- Episode no.: Season 5 Episode 11
- Directed by: Patrick Stewart
- Story by: Hilary J. Bader
- Teleplay by: Joe Menosky
- Cinematography by: Marvin Rush
- Production code: 211
- Original air date: January 27, 1992

Guest appearances
- Joshua Harris - Timothy; Harley Venton - Hutchinson;

Episode chronology
| ← Previous "New Ground" | Next → "Violations" |
- Star Trek: The Next Generation season 5

= Hero Worship (Star Trek: The Next Generation) =

"Hero Worship" is the 111th episode of the syndicated American science fiction television series Star Trek: The Next Generation. This is the 11th episode of the fifth season, directed by series castmember Patrick Stewart (Captain Jean-Luc Picard). Star Trek creator Gene Roddenberry – by this time no longer involved in production – died during the filming of this episode.

Set in the 24th century, the series follows the adventures of the Starfleet crew of the Federation starship Enterprise-D. In this episode, Data rescues an orphaned boy from a damaged ship. As a way to repress his own pain, the boy begins to mimic Data's emotionless personality.

==Plot==
The Enterprise investigates the disappearance of the research vessel Vico. They encounter the wrecked ship adrift just outside a black cluster. Data, La Forge, and Riker beam aboard and find everyone on the Vico is dead except for a young boy named Timothy, trapped beneath debris. Data rescues Timothy and brings him back to the Enterprise. As Dr. Crusher examines Timothy in sickbay, he claims that unknown aliens killed the crew.

Timothy struggles to adapt to his new surroundings and trusts only his rescuer, Data. Counselor Troi asks Data to spend time with Timothy, believing that he might open up about Vicos destruction. Timothy is intrigued by the fact that androids do not experience emotions and begins to imitate Data’s movements and speech patterns.

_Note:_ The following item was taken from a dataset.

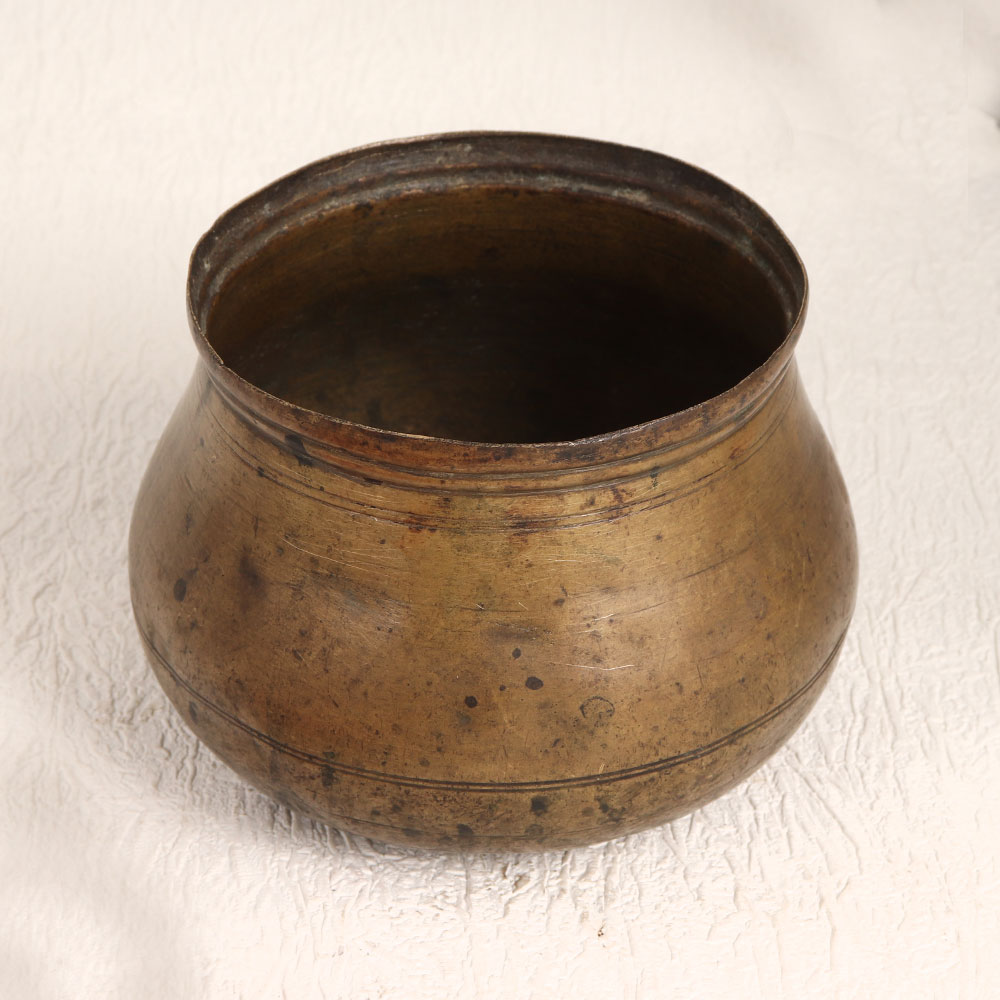Buy a Vintage Brass Rice Measurement Pot online that is a true testament to the rich craftsmanship of skilled Indian artisans. Handmade with meticulous attention to detail, this piece showcases the timeless beauty of South Indian Art, harking back to an era of artistry and precision. Crafted from high-quality brass and finished in a warm antique brown hue, this pot exudes an air of vintage charm and authenticity. Its unique design, reminiscent of an antique rice measurement pot, adds a touch of nostalgia to any setting. Versatility is key with this piece, as it can seamlessly adorn your home, office, restaurant, hotel, cafe, or shop. As a decorative flower pot, it lends a touch of elegance to your space, infusing it with an old-world charm. Furthermore, this remarkable pot makes an excellent addition to your vintage collection or a captivating exhibit at special events and exhibitions. Celebrate the joy of giving by presenting this pot to your family, friends or relatives on special, festive, or auspicious occasions. It is not just a gift, it's a piece of history, a token of artistry, and a symbol of your appreciation for the finer things in life.
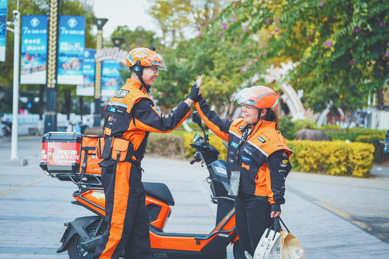 除夕下午,赖茂京在配送订单过程中遇到同事,两人互相击掌,鼓励加油。

Observing Timothy's new android persona, Troi reasons that he is attempting to suppress his trauma and suggests that Data can help him heal by sharing his fascination with humanity. While sipping on soft drinks with Timothy in Ten Forward, Data reflects on his limitations as an android, such as the inability to feel delight over a confection or take pride in his achievements. Timothy argues that androids do not feel negative emotions either, but Data counters that he would gladly risk feeling bad at times for the opportunity to taste his dessert.

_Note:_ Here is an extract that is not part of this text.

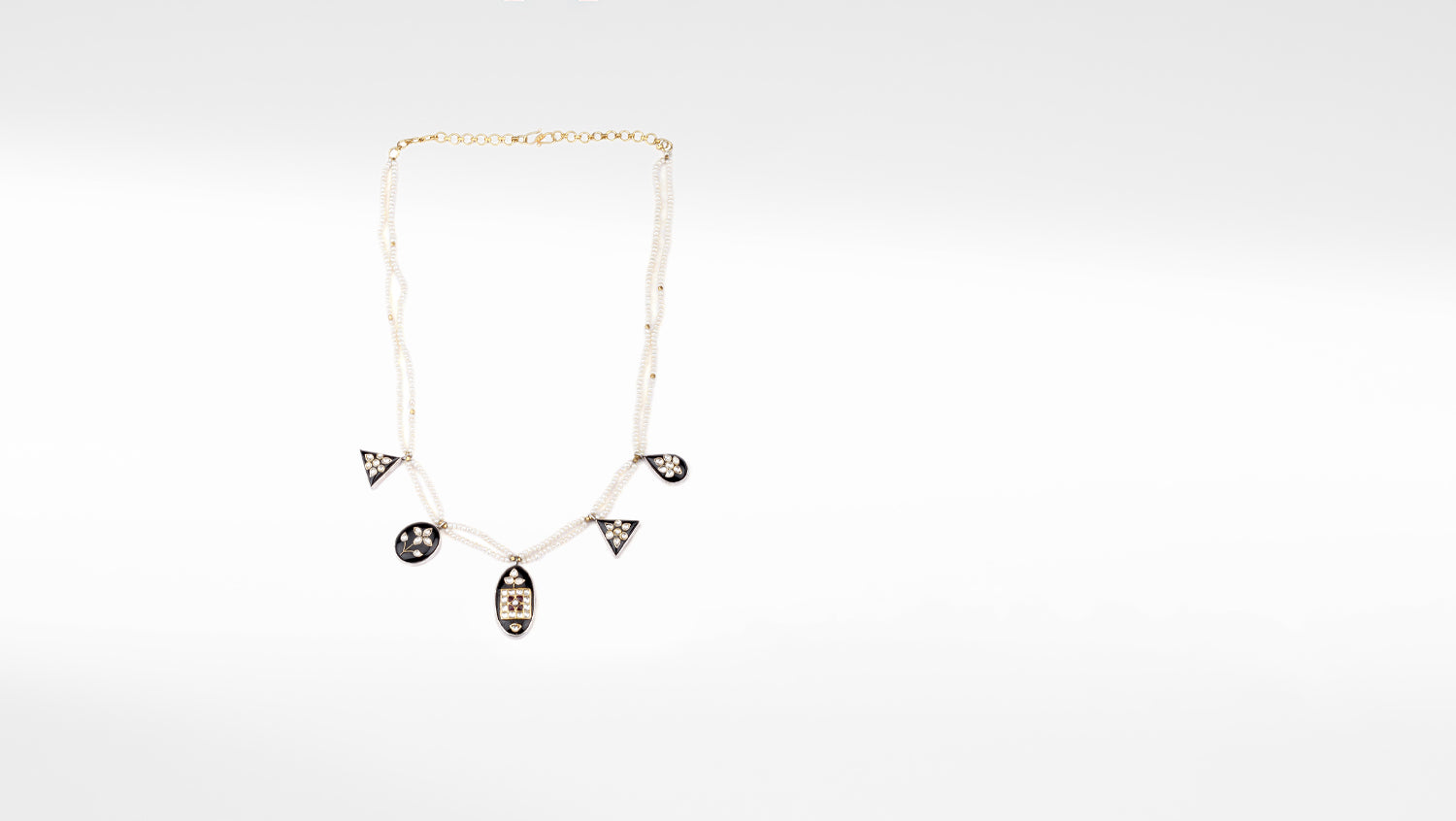 Silver Handcrafted Necklace with Black Onyx Stone with Gold Plated Inlay Work and Pearl Chain

When Enterprise enters the cluster, Worf reports sensor distortions caused by the area's strong gravitational forces, which would limit a ship’s ability to fire weapons or use a cloaking device. Picard concludes that aliens could not have attacked the Vico. Confronted with the evidence, Timothy breaks down and tearfully shares his belief that he destroyed the Vico when he lost his balance and fell against a computer panel. Data assures him that starship computers have safeguards against such occurrences and that he was not responsible.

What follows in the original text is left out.